**To do**
Give all of the listing again word for word, with images excluded.

**Task material**
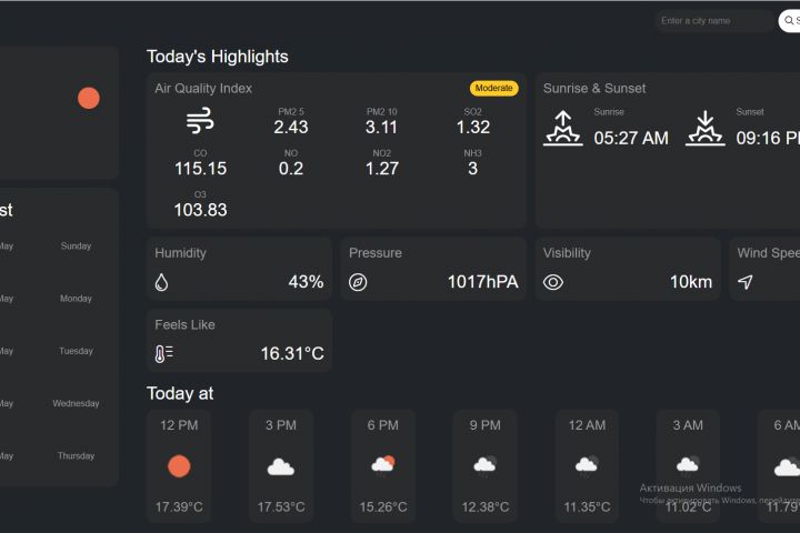 Я создал удобный веб-интерфейс, разместив на нём все необходимые данные о погоде, после чего подключил к нему Openweathermap API для получения информации.
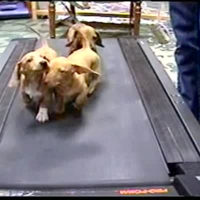 Three dachshund puppies run on treadmill, they chase after Milkbones hanging from strings. Dogs.
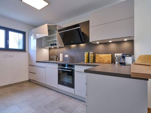 Was ich an diesem Haus besonders liebe: • moderne Architektur, zukunftsorientierte Bauweise • stilvolle Holzfassade, Holz-Alu-Fenster • coole „Sundowner“ Dachterrasse nach Westen • schwarze Markenküc...
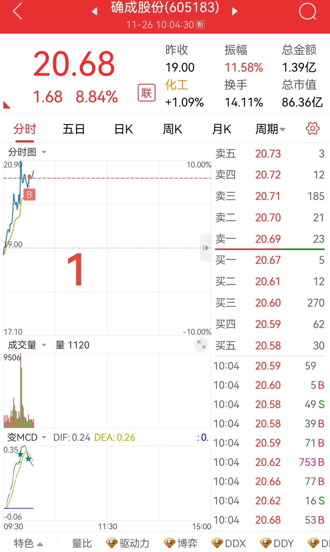 选择分时均线(黄线)平滑向上锐角上行,量比维持较高4,强势横盘中偶然下踏.分时黄线(踏雪)而介入。当日获利小于2%时,次日要择机高抛,保住本金,这是纪律!纪律!纪律!
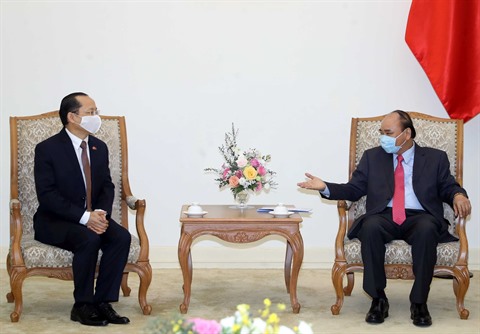 Le Premier ministre Nguyên Xuân Phuc a parlé au diplomate cambodgien de sa récente conversation téléphonique avec son homologue cambodgien Hun Sen sur la lutte contre la pandémie de COVID-19 et de la décision du Vietnam de fournir une aide sous forme de fournitures médicales d'une valeur de 100.000 dollars au Cambodge.
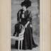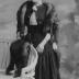 Paper photograph portrait of a wealthy woman, represented in a multi layered outside gown, consisting of a short bolero and a long corset-tight on the waist skirt in thick fabric, with two interlacing waves on the bottom, made of embroidered silk ribbons. A high floral lace collar and two tongue tie are visible under the jacket, pinned with a tea-rose and a metal flower shaped brooch. An openwork metal chatelaine, with four chains, one of each is occupied with a small metal chainmail coin bag with a lace handkerchief inside, is attached on the right side of the belt. A full mink skin is lying on the lady's shoulders, and she is holding another skin fur in her hand, which is leaning on the bench. A chain bracelet adorns her right wrist, and a flat cuff bangle with a tassel is on her left hand. The look is completed with a flat hat, embellished with ostrich feathers, probably jet pins and brooches.
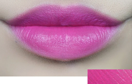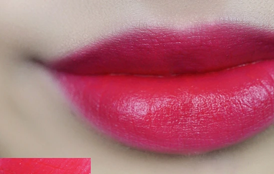很热烈的荧光桃粉色,很跳跃诱人,但是比较适合白皮,肤色偏暗黄的人慎入。
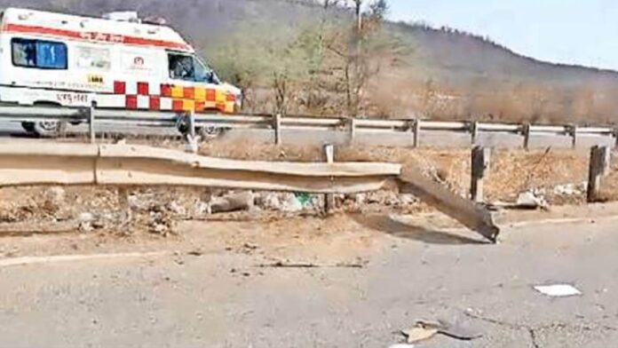हाईवे पर महीनों से टूटी पड़ी रैलिंग से टकराई कार
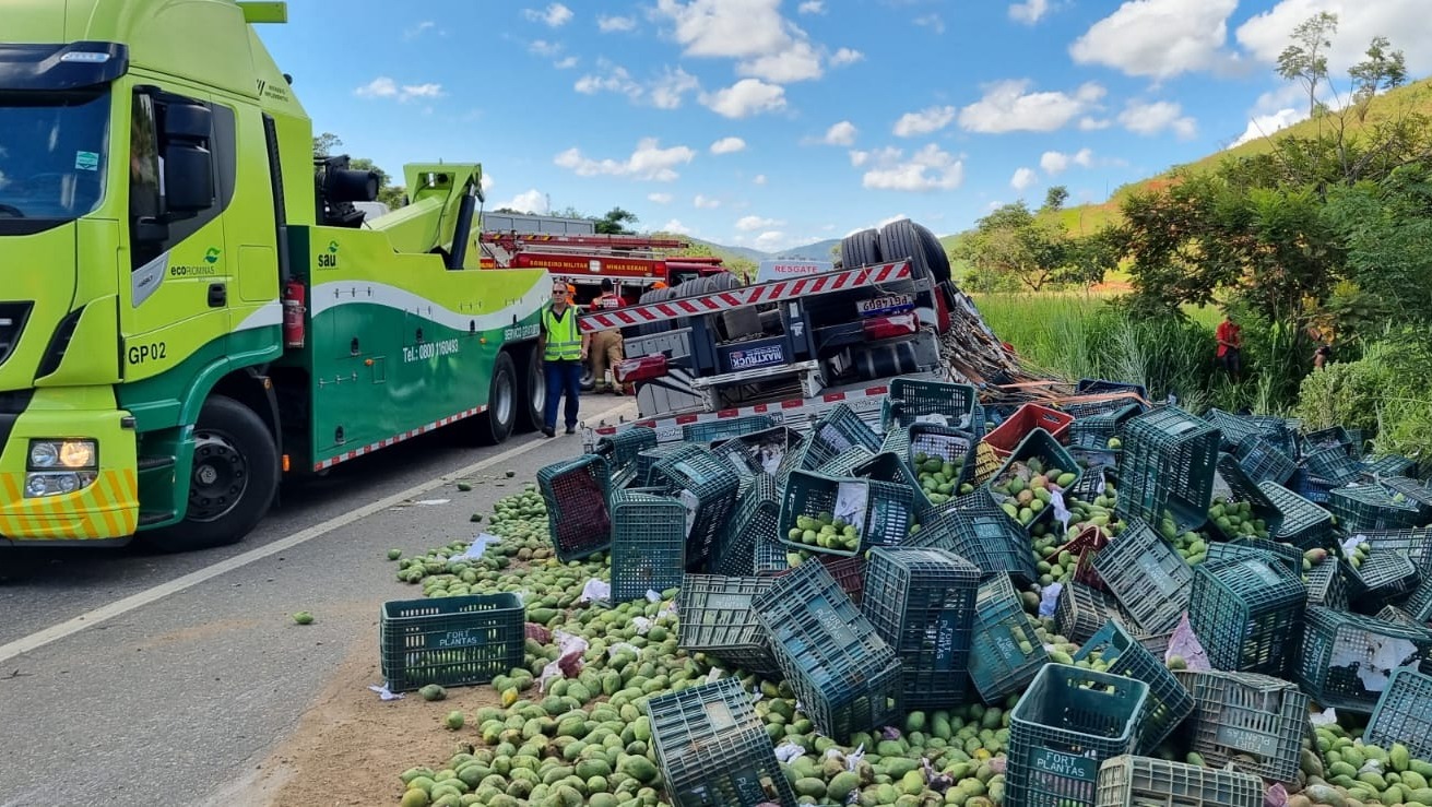 ENGENHEIRO CALDAS – Um acidente foi registrado na manhã desta segunda-feira (8) na BR-116, próximo à cidade de Engenheiro Caldas. Um caminhão carregado com mangas tombou em uma curva. O motorista ficou preso às ferragens.
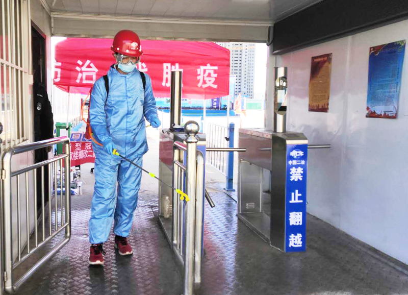徐家楼项目部一方面克服了食宿上的困难,在二期项目部进行集中隔离,另一方面购买了口罩、酒精、84消毒液、测温枪、隔离服等一系列防疫物资进行现场防疫工作。
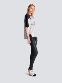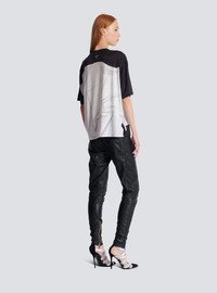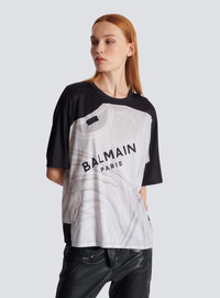 Satin jersey T-shirt with optical illusion print - Round neck with ribbed trim - Short sleeves - Contrasting optical illusion printed on the front and back - Balmain Paris logo integrated into the print - Woven Balmain Couture label on the back - Loose regular fit - Model measures 181cm and wears a size S - Main material: 94% polyester 6% elastane - Made in Italy - Item: EF1EG110GE37
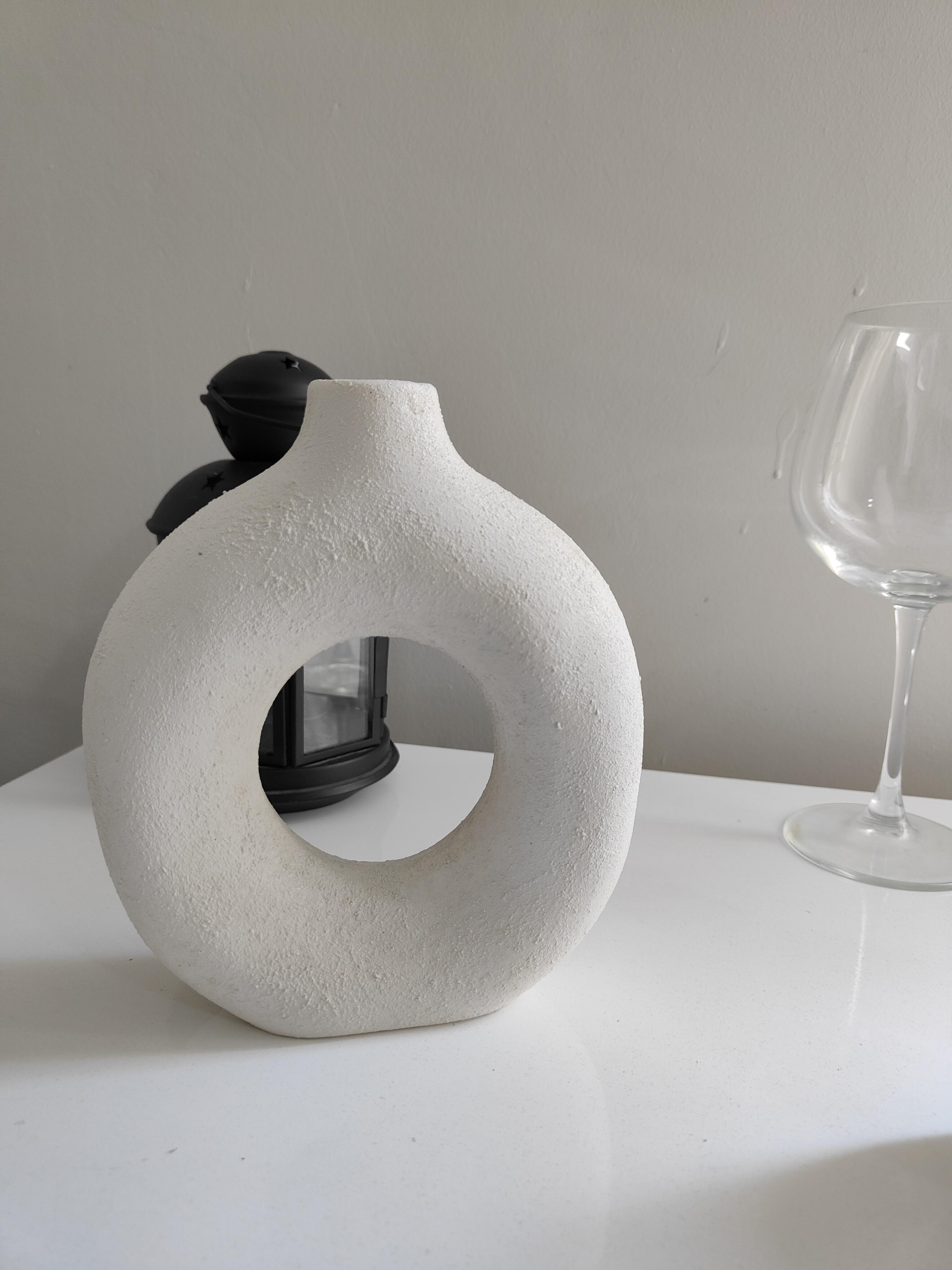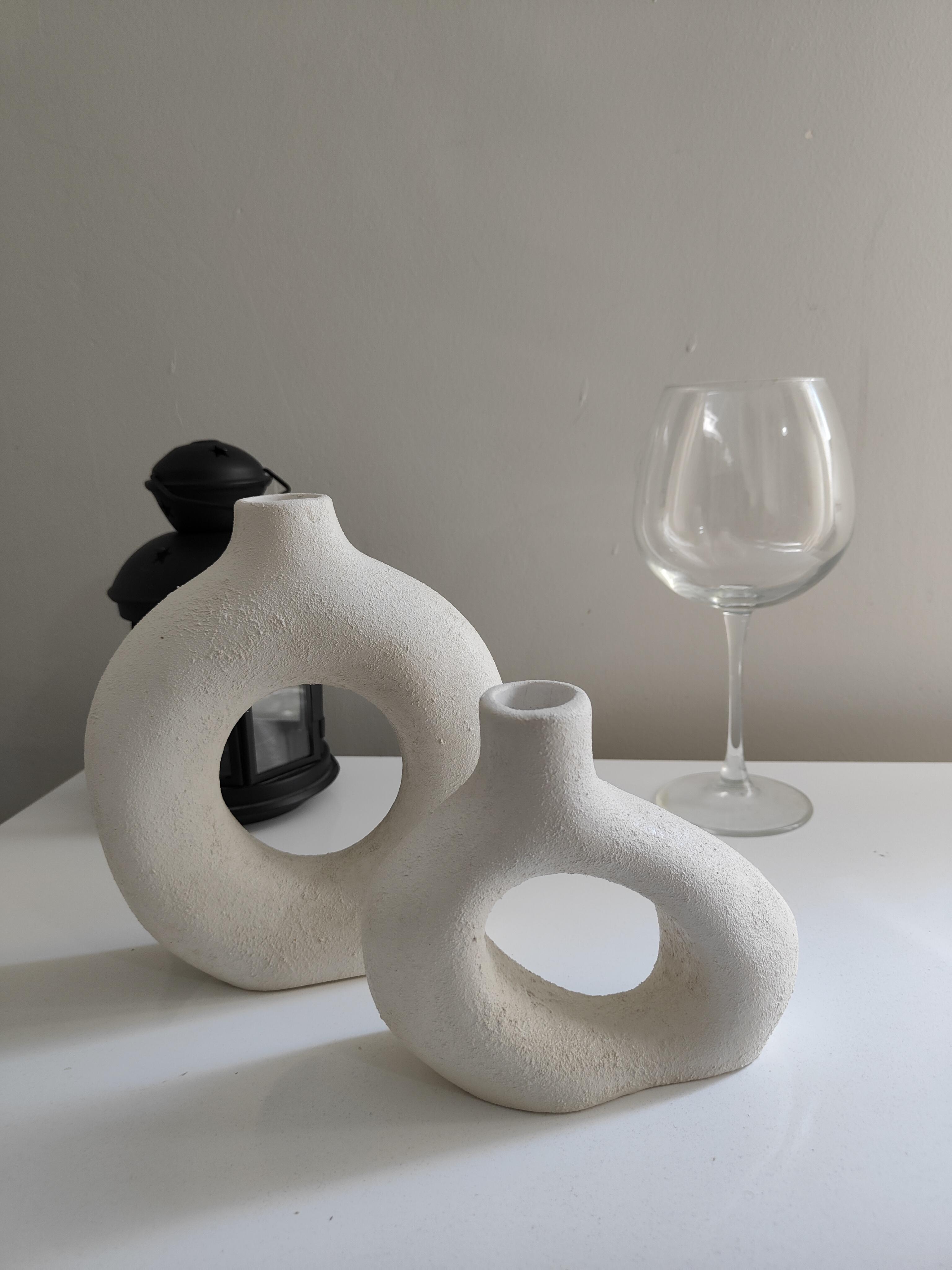 Biri halka formunda, diğeri geometrik figürlü özel tasarım. Seramik tozundan üretilmiş olup, doğal dokusu ve modern tarzıyla dekorasyonunuza sanatsal bir hava katar ,hem vazo hem de estetik bir dekorasyon parçası olarak kullanılabilir. Modern Zamansız ve şık bir görünüm için ideal bir seçim!"

**Written solution**
 Я создал удобный веб-интерфейс, разместив на нём все необходимые данные о погоде, после чего подключил к нему Openweathermap API для получения информации.
 Three dachshund puppies run on treadmill, they chase after Milkbones hanging from strings. Dogs.
 Was ich an diesem Haus besonders liebe: • moderne Architektur, zukunftsorientierte Bauweise • stilvolle Holzfassade, Holz-Alu-Fenster • coole „Sundowner“ Dachterrasse nach Westen • schwarze Markenküc...
 选择分时均线(黄线)平滑向上锐角上行,量比维持较高4,强势横盘中偶然下踏.分时黄线(踏雪)而介入。当日获利小于2%时,次日要择机高抛,保住本金,这是纪律!纪律!纪律!
 Le Premier ministre Nguyên Xuân Phuc a parlé au diplomate cambodgien de sa récente conversation téléphonique avec son homologue cambodgien Hun Sen sur la lutte contre la pandémie de COVID-19 et de la décision du Vietnam de fournir une aide sous forme de fournitures médicales d'une valeur de 100.000 dollars au Cambodge.
 Paper photograph portrait of a wealthy woman, represented in a multi layered outside gown, consisting of a short bolero and a long corset-tight on the waist skirt in thick fabric, with two interlacing waves on the bottom, made of embroidered silk ribbons. A high floral lace collar and two tongue tie are visible under the jacket, pinned with a tea-rose and a metal flower shaped brooch. An openwork metal chatelaine, with four chains, one of each is occupied with a small metal chainmail coin bag with a lace handkerchief inside, is attached on the right side of the belt. A full mink skin is lying on the lady's shoulders, and she is holding another skin fur in her hand, which is leaning on the bench. A chain bracelet adorns her right wrist, and a flat cuff bangle with a tassel is on her left hand. The look is completed with a flat hat, embellished with ostrich feathers, probably jet pins and brooches.
很热烈的荧光桃粉色,很跳跃诱人,但是比较适合白皮,肤色偏暗黄的人慎入。
हाईवे पर महीनों से टूटी पड़ी रैलिंग से टकराई कार
 ENGENHEIRO CALDAS – Um acidente foi registrado na manhã desta segunda-feira (8) na BR-116, próximo à cidade de Engenheiro Caldas. Um caminhão carregado com mangas tombou em uma curva. O motorista ficou preso às ferragens.
徐家楼项目部一方面克服了食宿上的困难,在二期项目部进行集中隔离,另一方面购买了口罩、酒精、84消毒液、测温枪、隔离服等一系列防疫物资进行现场防疫工作。
 Satin jersey T-shirt with optical illusion print - Round neck with ribbed trim - Short sleeves - Contrasting optical illusion printed on the front and back - Balmain Paris logo integrated into the print - Woven Balmain Couture label on the back - Loose regular fit - Model measures 181cm and wears a size S - Main material: 94% polyester 6% elastane - Made in Italy - Item: EF1EG110GE37
 Biri halka formunda, diğeri geometrik figürlü özel tasarım. Seramik tozundan üretilmiş olup, doğal dokusu ve modern tarzıyla dekorasyonunuza sanatsal bir hava katar ,hem vazo hem de estetik bir dekorasyon parçası olarak kullanılabilir. Modern Zamansız ve şık bir görünüm için ideal bir seçim!"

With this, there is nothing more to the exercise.